Max It or Miss It: Benchmarking LLM On Solving Extremal Problems
- URL: http://arxiv.org/abs/2510.12997v2
- Date: Fri, 17 Oct 2025 21:17:43 GMT
- Title: Max It or Miss It: Benchmarking LLM On Solving Extremal Problems
- Authors: Binxin Gao, Jingjun Han,
- Abstract summary: We introduce ExtremBench, a benchmark dataset for solving mathematical extremal problems.<n>We conduct evaluations across various state-of-the-art open-source model families, including the Qwen3, GPT-OSS, and DeepSeek.<n>Results reveal that LLMs' extremal-solving reasoning capabilities do not always align with those of current mathematical benchmarks.
- Score: 0.0
- License: http://creativecommons.org/licenses/by/4.0/
- Abstract: Test-time scaling has enabled Large Language Models (LLMs) with remarkable reasoning capabilities, particularly in mathematical domains, through intermediate chain-of-thought (CoT) reasoning before generating final answers. However, the specific sources and mechanisms underlying these reasoning capabilities remain insufficiently understood. Optimization reasoning, i.e. finding extrema under constraints, represents a fundamental abstraction that underpins critical applications in planning, control, resource allocation, and prompt search.

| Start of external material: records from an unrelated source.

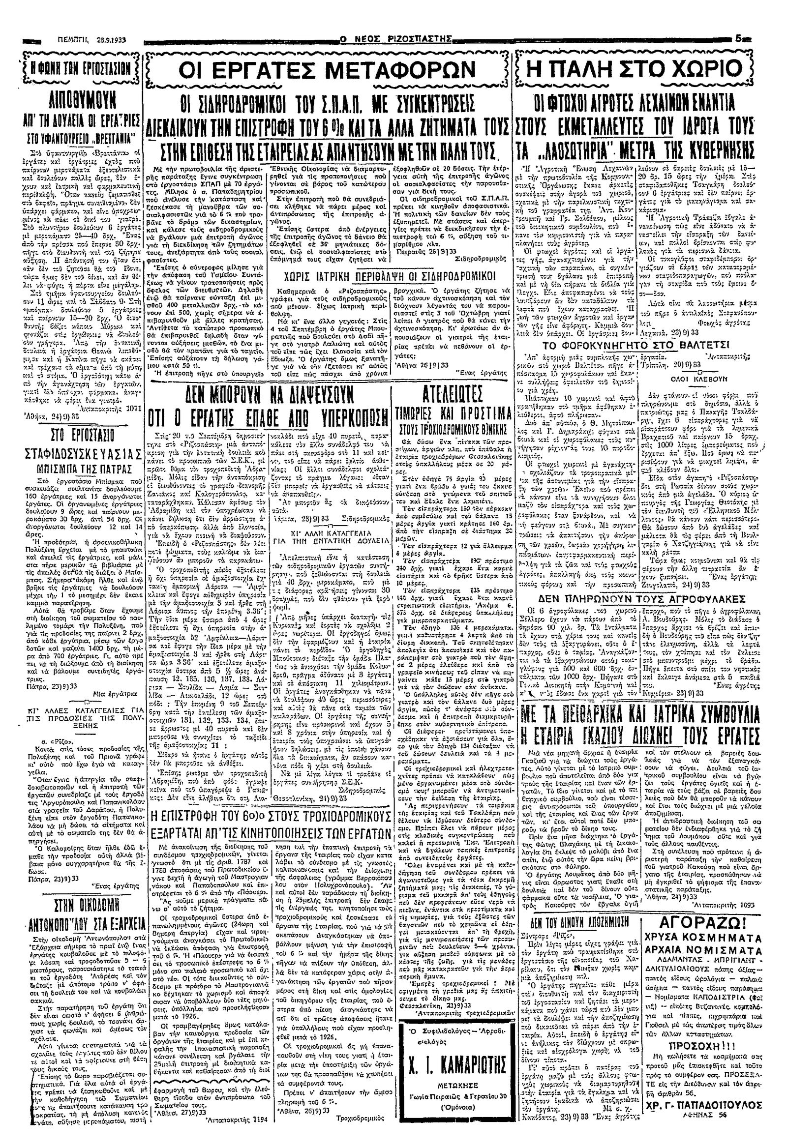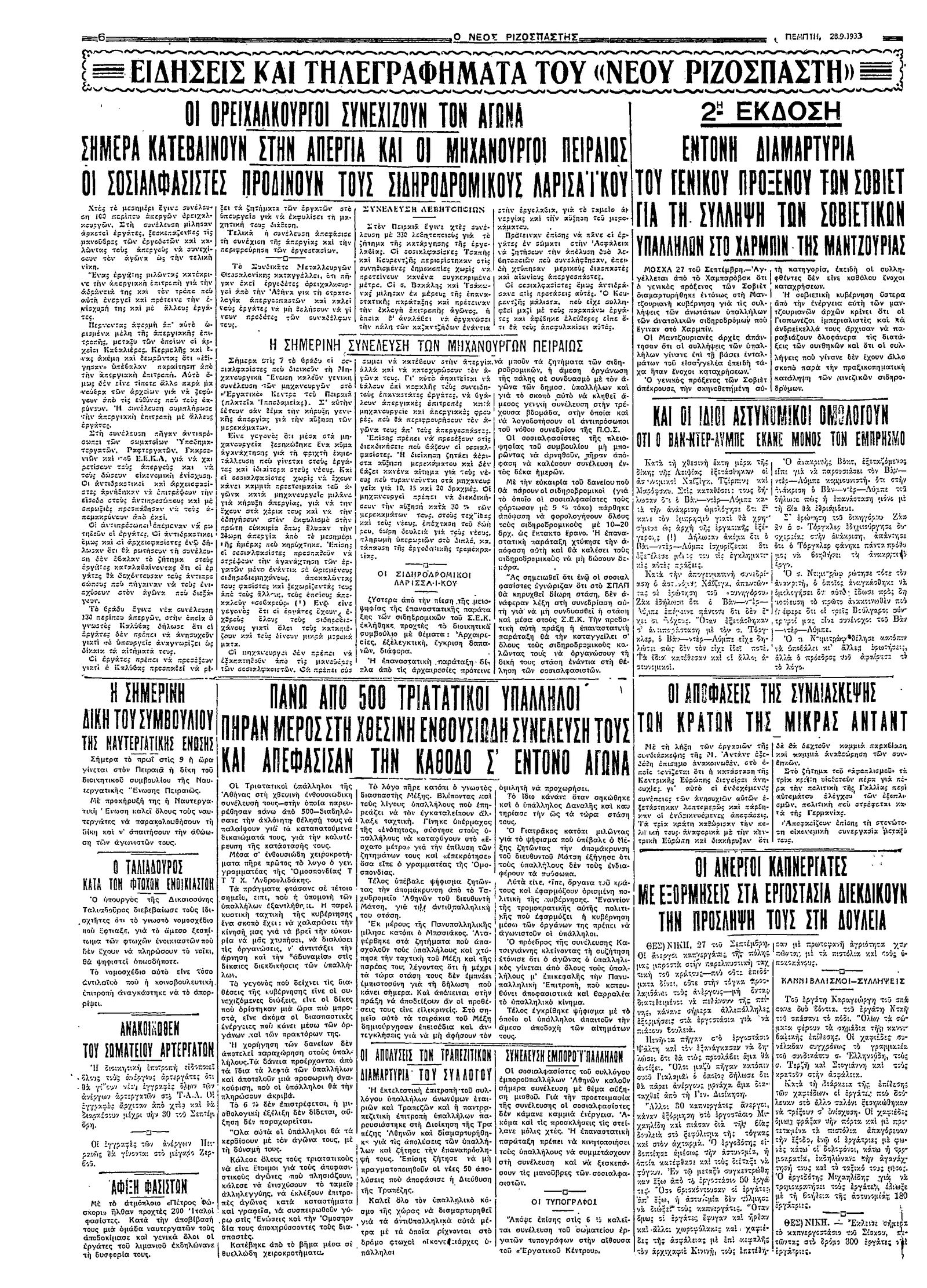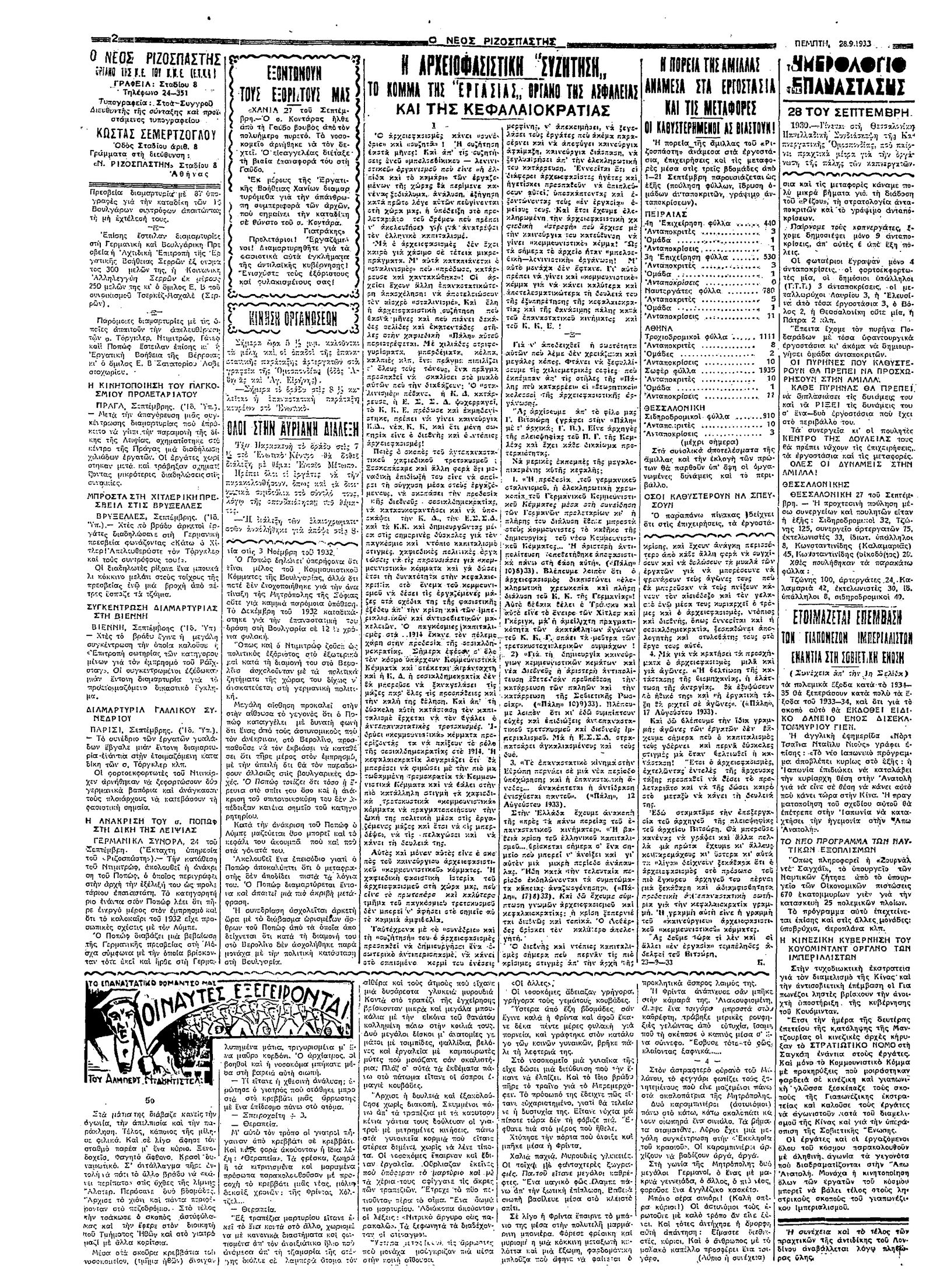 Ριζοσπάστης 28/09/1933
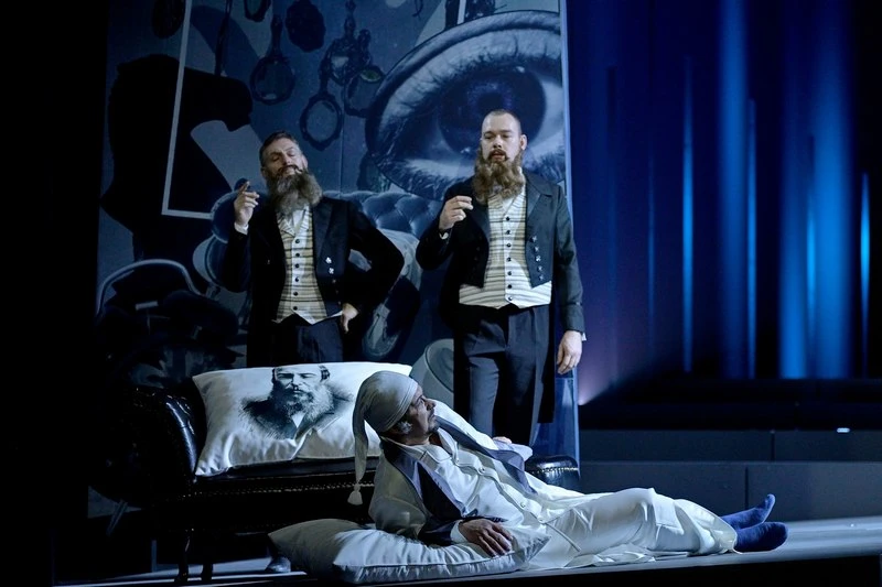 Svou nezastupitelnou roli hrají ve scénografii dva plošné scénické panely, které (byť i s určitými technickými nedokonalostmi) přijíždějí v závěsu nad podlahou, aby doplnily scénografickou koláž o náznak prostředí, v němž se hraje. Doslova kouzelné je piano – tedy jen jeho vztyčené křídlo, pod nímž (pod úrovní jeviště) odpočívá starý směšný Kníže obklopený polštáři s Dostojevského portréty. Neustále myslíme na autora povídky Strýčkův sen, Michajla Fjodoroviče Dostojevského. Jeho podobizna je od počátku umístěna uprostřed proscénia, trůní na polštářích, jeho podobu nese jako masku na hlavách balet, který se periodicky vrací na jeviště (choreografové Yago Catalinas Heredia a Jana Tomsová). Také kostýmy Marty Roszkopfové nesou znak koláže, rozhodně se nedá říci, že by byly výlučně zakotveny v devatenáctém století. To vévodí střihově spíš u vedlejších dámských postav a u dámského sboru (sbormistr Jurij Galatenko). Zina je jednoduchá běloskvoucí, její ctitel Pavel je přebarevný až klaunský, intrikánská Nastasja je superrůžová, opilá Sofie Petrovna doslova rve oči svou jedovatou zelení.
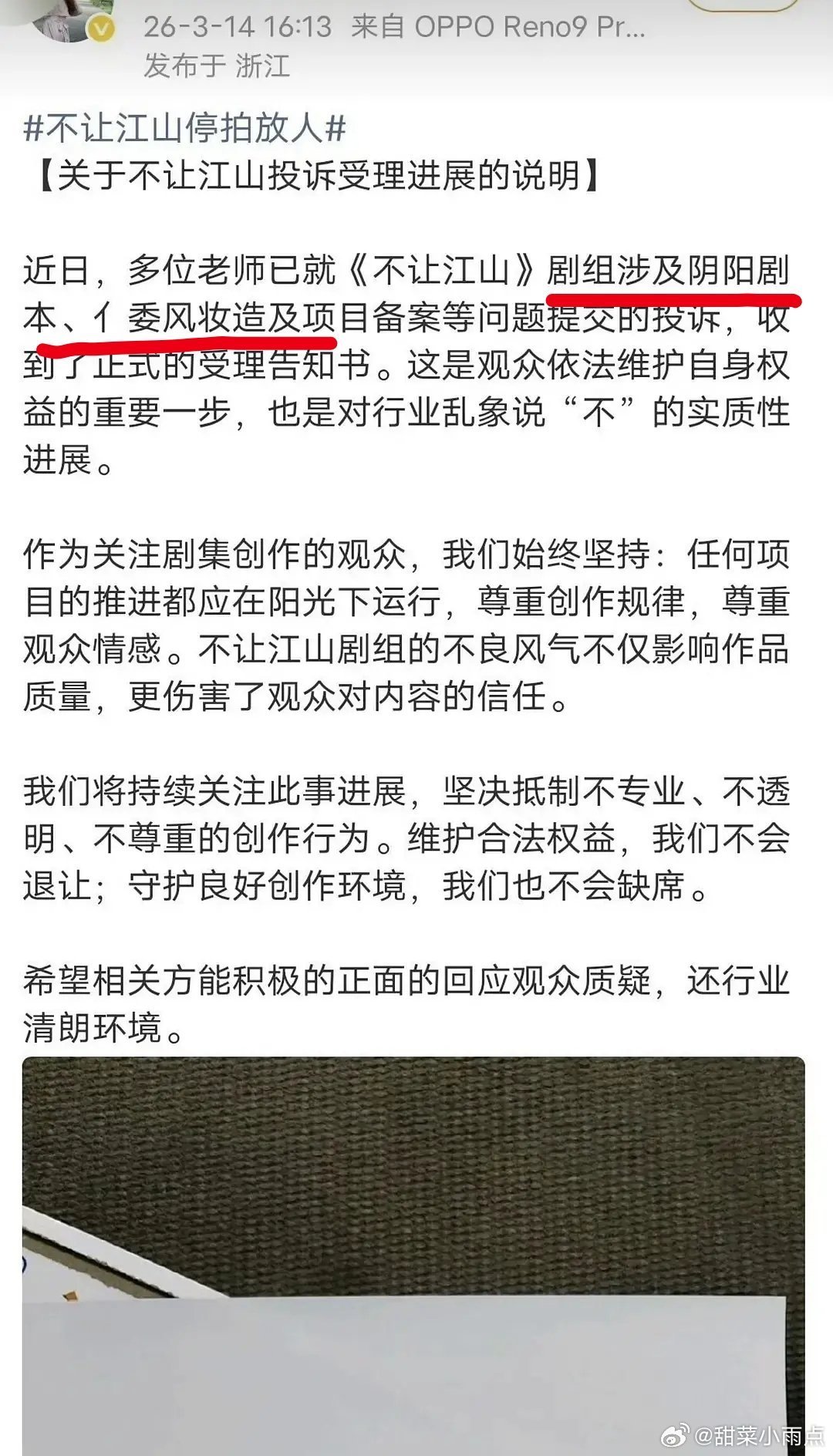 杨洋的《不让江山》危山东广电受理了杨洋粉丝对剧的投诉这要是聚宝成功整个剧都完了吧,以后还有剧敢跟杨洋合作吗
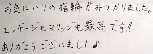 お気にいりの指輪がみつかりました。 エンゲージもマリッジも最高です!! ありがとうございました♪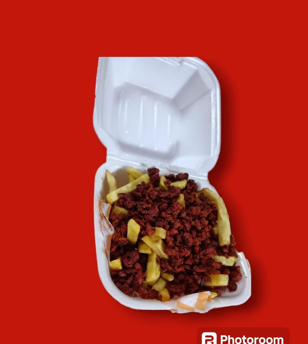 Exquisitas papas tipo francesas con chorizo y trozos de tocino con cheso chédar.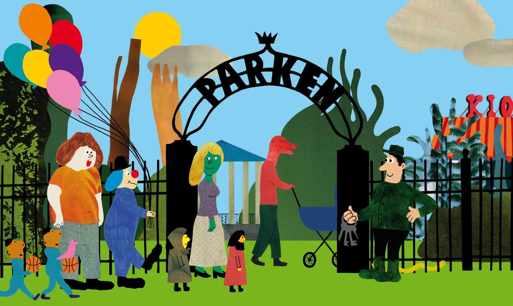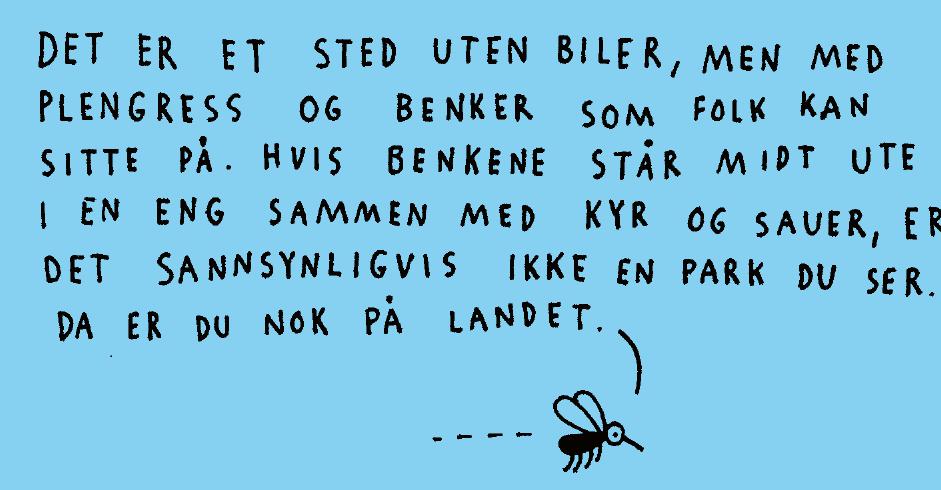 Av og til trenger både barn og voksne en pause fra fornuftige og hverdagslige gjøremål. Da kan det være fint å ha en park i nærheten hvor man kan leke, slappe av og la tankene vandre. I parken vår er det plengress og benker folk kan sitte på når de filosoferer. I parken er det mange vesener - små og store dyr, fargerike fugler, en burugle og noen drager. Det er også en litt nifs parkvakt der, og busker man kan gjemme seg bak. I parken er det en dam med en øde øy. Der sitter det en gammel mann sammen med skilpadden sin, de elsker poesi og sitronbrus. Dette er en bildebok som kombinerer humor, filosofi og barnlig anarki i et lekent formspråk.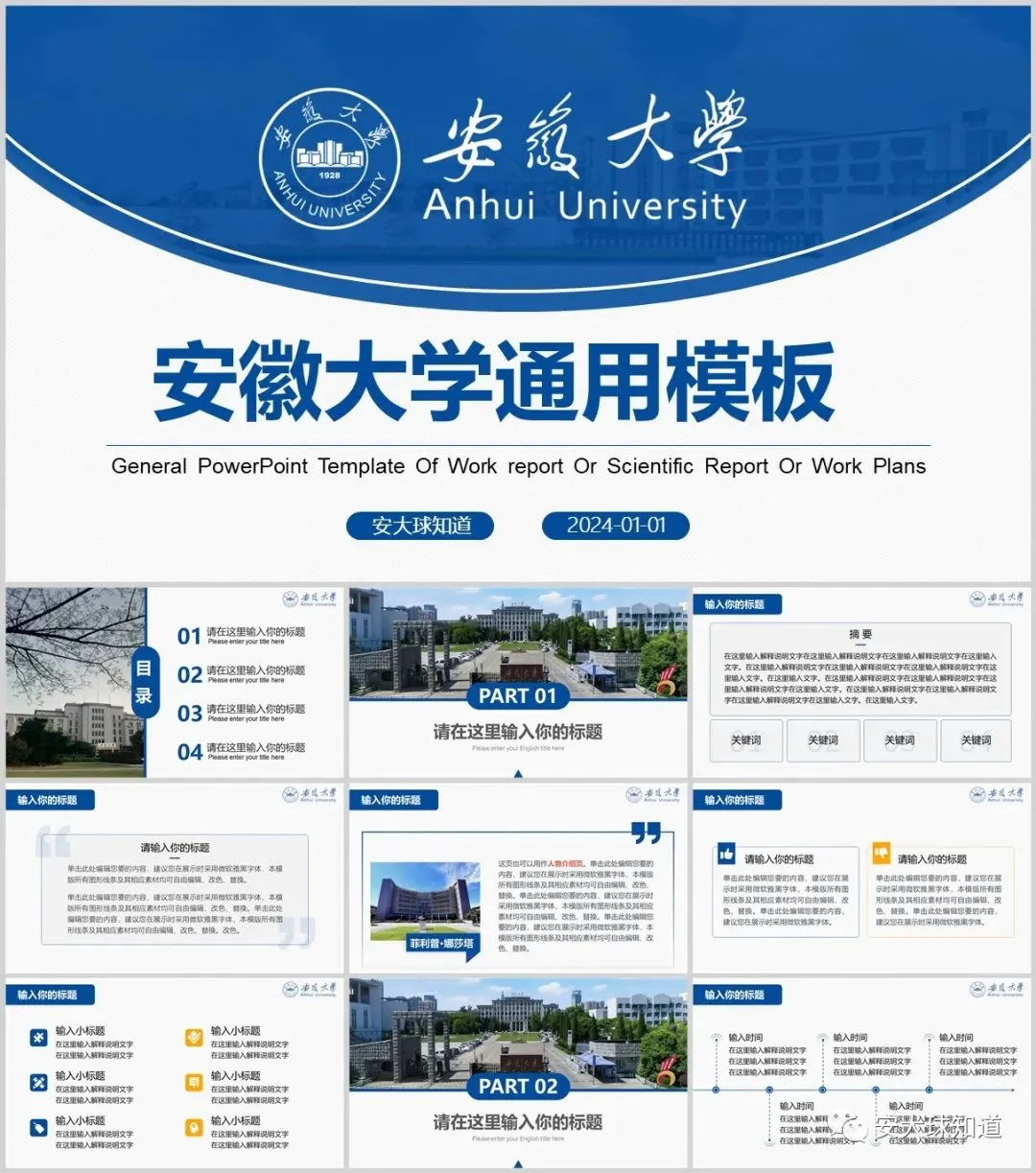 “安徽大学”PPT模板来了~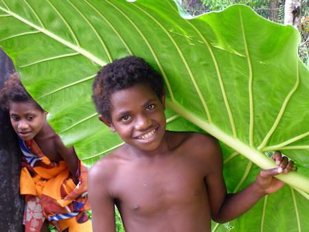 A typical game played by Kaulong children in New Britain demonstrates this type of play. Anthropologist Jane Goodale (not the primatologist) gave the children bananas so that every child could have a banana. Instead of the children having a contest of getting the best banana or competing to get the most bananas, every child took a single banana. Each child then cut his/her banana in half, eating half and then giving the other half to another child. Then they took that half and cut it in half and repeated the process. They did this until they simply had stubs, laughing all the way. This demonstrates the types of sharing behaviour which are necessary for such hunter-gatherer societies. (Diamond, p 91)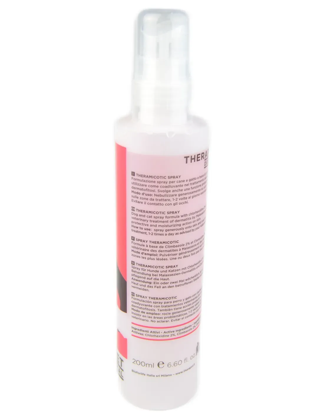 tèramicotic spray adjuvant in the treatment of malassezia dermatitis and dermatophytosis. The chlorhexidine-climbazole 2% association makes teramicotic spray an effective product in the management of dermatitis in which a bacterial and yeast infection is simultaneously present. The dual antifungal action of chlorhexidine and climbazole allows the use of tetramicotic spray also in the topical treatment of localized and generalized dermatophytosis, as an adjunct to systemic antifungal therapy.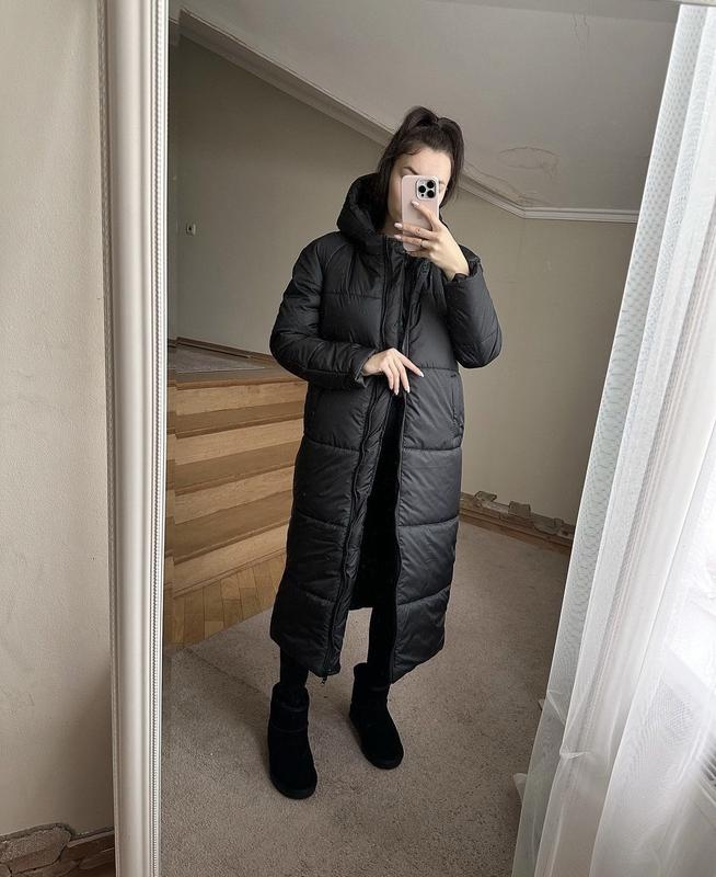 Куртка длинная черная зимняя с двумя замками
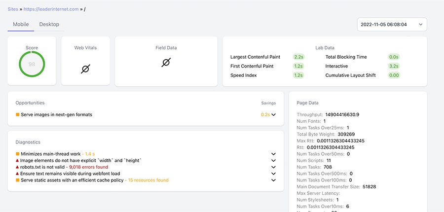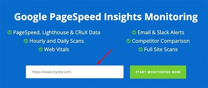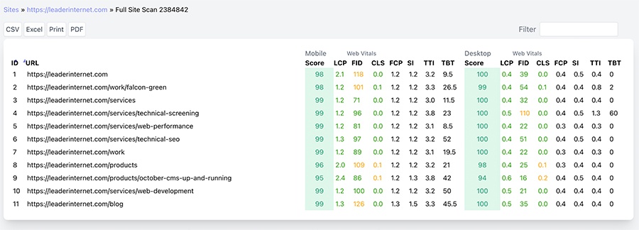 Full Site Scans provide the ability to scan your ENTIRE website instead of a random selection of pages. This means you can see the Google PageSpeed score for every single URL on your site and get greater visibility into your PageSpeed score across your entire domain.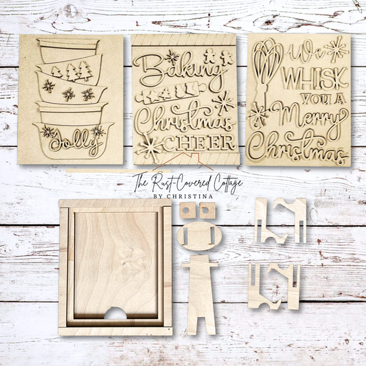 Baking Christmas Cheer Sign Trio | DIY Christmas Wood Signs Kit with Frame & Easels

To systematically evaluate this capability, we introduce ExtremBench, a benchmark dataset for solving mathematical extremal problems, curated from inequality exercises used for Chinese Mathematical Olympiad and transformed into $93$ standardized extrema-finding problems. We conduct extensive evaluations across various state-of-the-art open-source model families, including the Qwen3, GPT-OSS, and DeepSeek. Our results reveal that LLMs' extremal-solving reasoning capabilities do not always align with those of current mathematical benchmarks such as AIME25 and MATH-500, with some models showing strong general mathematical reasoning but poor extremal-solving skills, and vice versa. This discrepancy highlights a critical gap in current evaluation practices and suggests that existing benchmarks may not comprehensively capture the full spectrum of mathematical reasoning abilities.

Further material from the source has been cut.